Skint-1 is expressed in thymic medullary epithelium in a TCR-independent fashion and effects function from a stromal cell context. (A) Quantitative RT-PCR analysis of Skint-1 expression in CD45⁻ thymic stroma (Left and Center) or FACS-purified TEC (Right). CD45⁻EpCam⁺ TEC from pooled FVB.Jax E15-E18 thymi were divided into Ly51⁺ cTEC and Ly51⁻ mTEC subsets, and compared with total E17 thymus. Skint-1 expression is relative to GAPDH. (B) Quantitative RT-PCR analysis of Skint-2 expression as in A. (C) In situ hybridization analysis of Skint-1 expression in adult FVB.Jax thymus. Right: Close-up of medullary area indicated (Left). (D) Analysis of Vγ5Vδ1⁺ DETC precursor maturation (17D1⁺CD45RB^hi) in mixed RTOC of purified CD45⁺ thymocyte progenitors and CD45⁻ stroma from FVB.Jax, FVB.Tac, or Tg.NF-Skint1 E15 thymi.

Fig. 4.

Biological and biochemical properties of Skint1. (A) Graphic representation of the Skint-1 constructs tested. (B) Surface flow cytometry of 293 cells transfected with the constructs in bicistronic vectors. All constructs include a FLAG tag at the N terminus and the KYVERTELL motif in the IgV domain; hCD2 is the marker of transduction efficiency. (C) Analysis of Vγ5Vδ1⁺ DETC precursor maturation in FVB.Tac RTOC 12 d after transduction with the constructs from A. (D) The multimerization of WT and Tac alleles is analyzed by Western blot analysis of 293 transfectants. Protein was immunoprecipitated with mouse anti-FLAG M2 or mouse anti-HA antibody, and immunoblotted with rabbit anti-FLAG antibody.

Fig. 5.

Proteolytic processing specified by IgC is required for function. (A and B) Western blot analysis of 293 cells transfected with N-terminal FLAG-tagged Skint-1/Skint-2 chimeric constructs.
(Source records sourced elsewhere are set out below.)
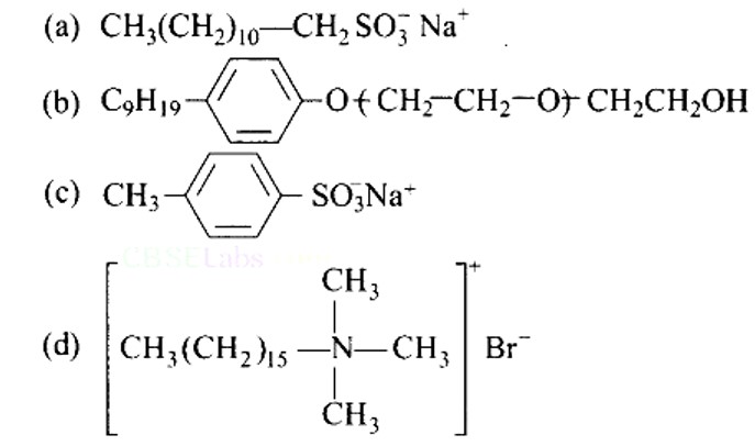 (i) Anionic detergents – These are sodium salts of sulphonated long chain alcohols or hydrocarbons and sodium alkyl benzene sulphonates. e.g., CH3 (CH2)10CH2OSO3– Na+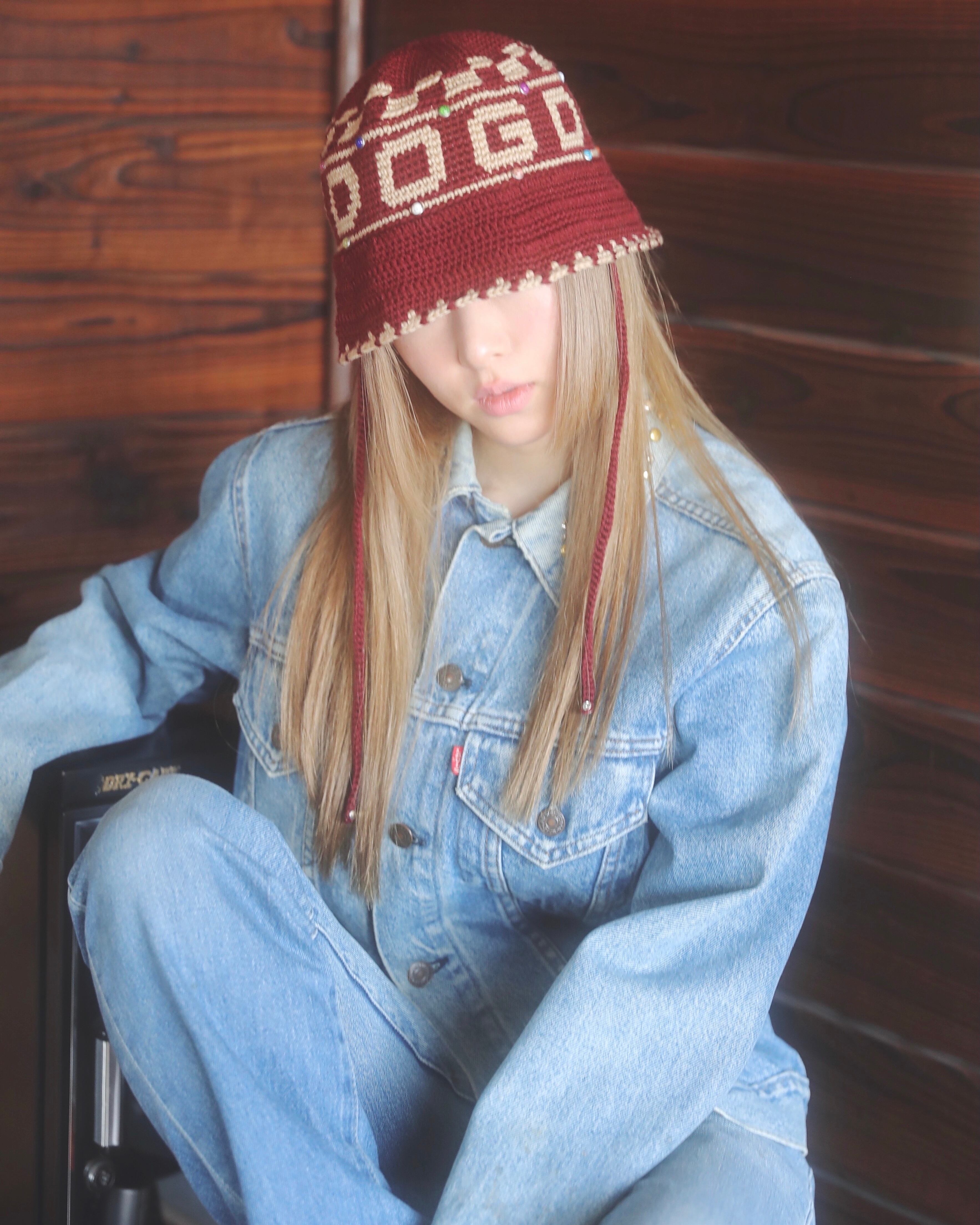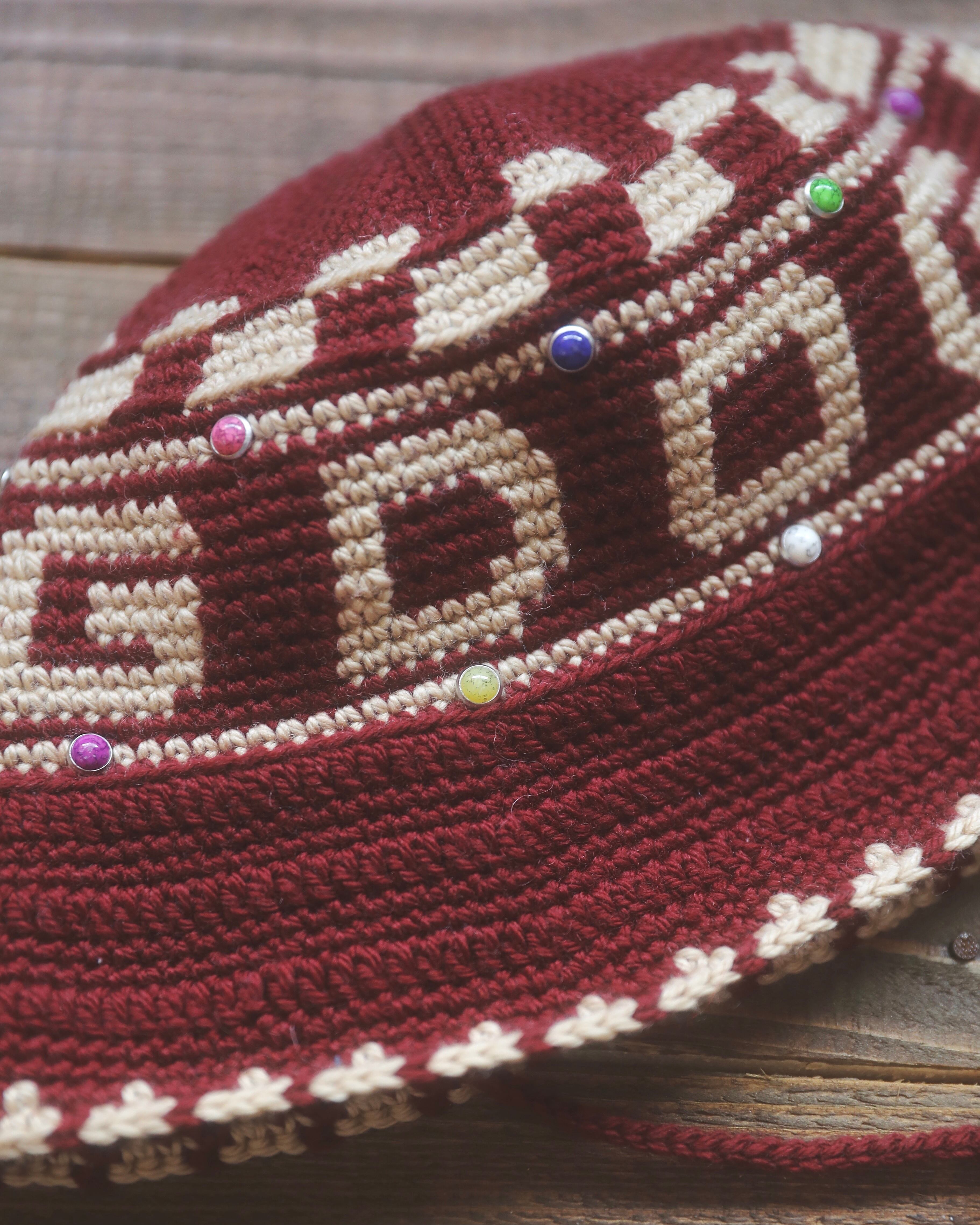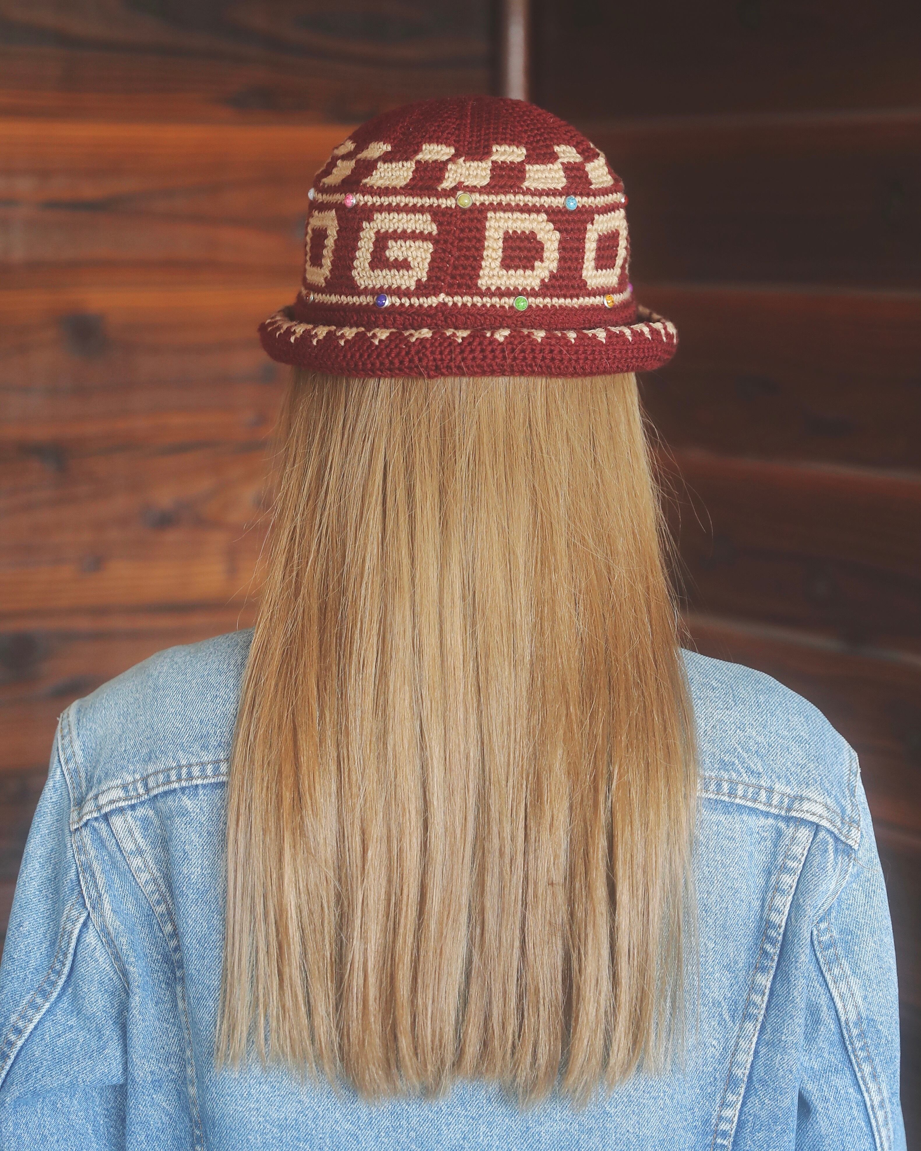 メリノウール100%の糸を使用した、DOGロゴのクロッシェです。アクセントに、カラフルなストーンスタッズを打ちました。折り畳んで持ち運びもしていただけます。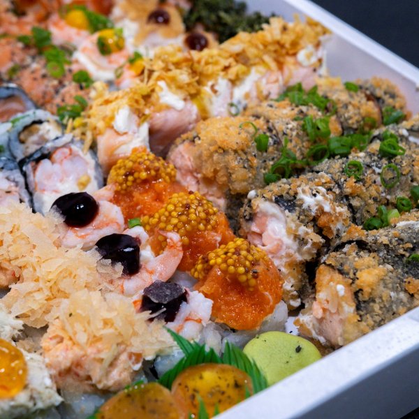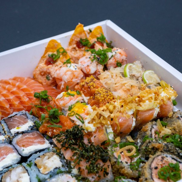 30 sushis patezinho com base de arroz e recheio em cima variados (3 de Tatake, 3 de patê skin com limão, 3 com patê tilápia e geleia de pimenta, 3 patê de salmão, Kani e Cream Cheese com crispy de harumake, 3 de camarão com geleia de jabuticaba e manjericão, 3 de Tatake com caviar de mostarda, 3 de salmão com Teriake, 3 de camarão com mostarda, 3 de tilápia empanada com barbecue, 3 de salmão com crispy de couve)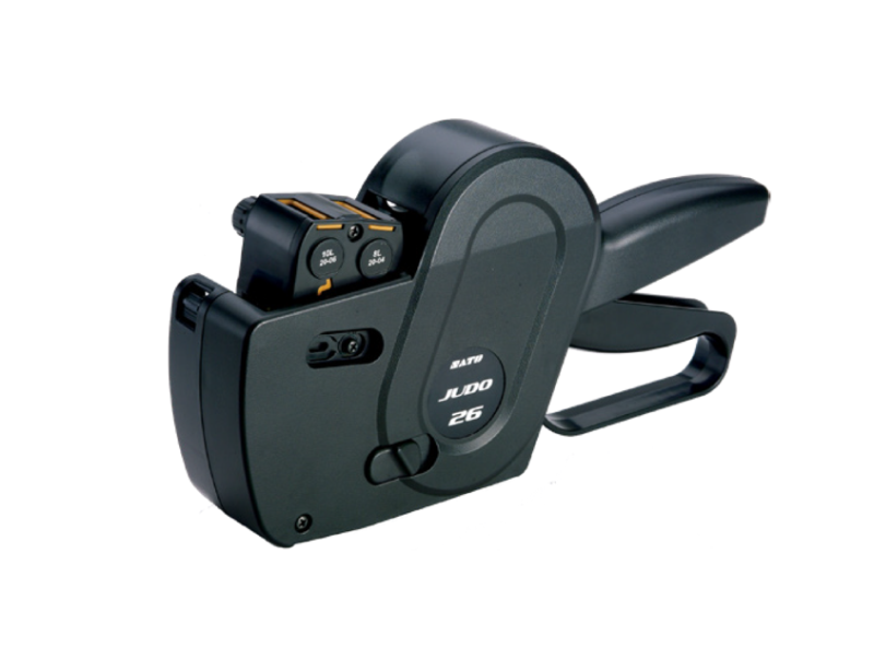 Двуредови етикиращи клещи SATO JUDO 26 Подходящи за маркиране на цена, дата на производсво, срок на годност, промоции, промишлено маркиране (маркиране по време на производствения процес). Характеристики:- Стабилна конструкция- Прецизен отпечатък Лесна смяна на консумативите - ролката с етикети и тампон. Двуредови – печат на 10+10 символа за етикет, еднаква височина на шрифта на двата реда. Работят с етикети с размер 26х16 mm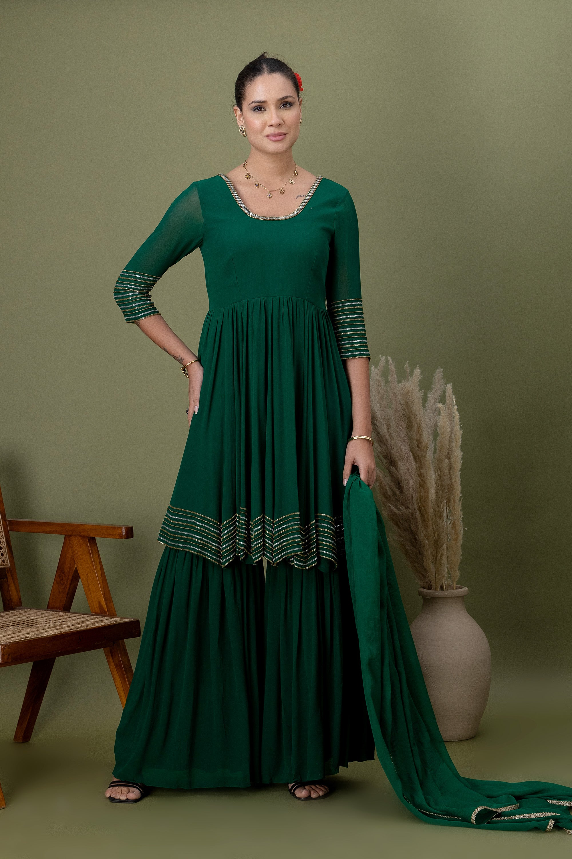 A celebration of simplicity and flow, this emerald flared anarkali is accented with minimal metallic trims and soft gathers. The layered silhouette adds drama while keeping the look understated and elegant.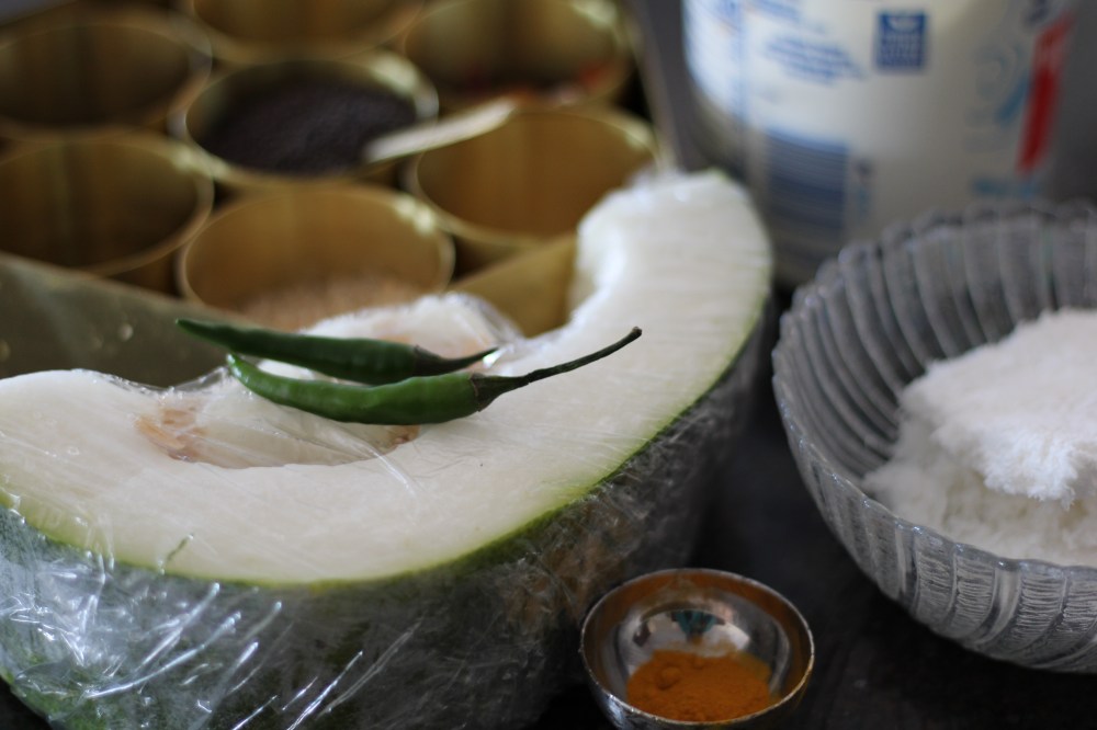 For the morkootan, you can use okra, ash gourd, pumpkin, butternut squash, bottle gourd, chayote squash or mangoes. If you are using okra, you must first stir fry to remove the sliminess. If you want to know more about the science of the sliminess in okra, read this post. Here I have used ash gourd.

Protein was immunoprecipitated with mouse anti-FLAG M2 and immunoblotted with rabbit anti-FLAG antibody. In A, the recombination between Skint1 and Skint2 was shifted in 10-aa increments in the IgC, whereas in B, only the first 10 aa of the Skint1 IgC was replaced with the analogous sequence from Skint2. (C) Analysis of Vγ5Vδ1⁺ DETC precursor maturation in FVB.Tac RTOC 12 d after transduction with the indicated chimeric constructs.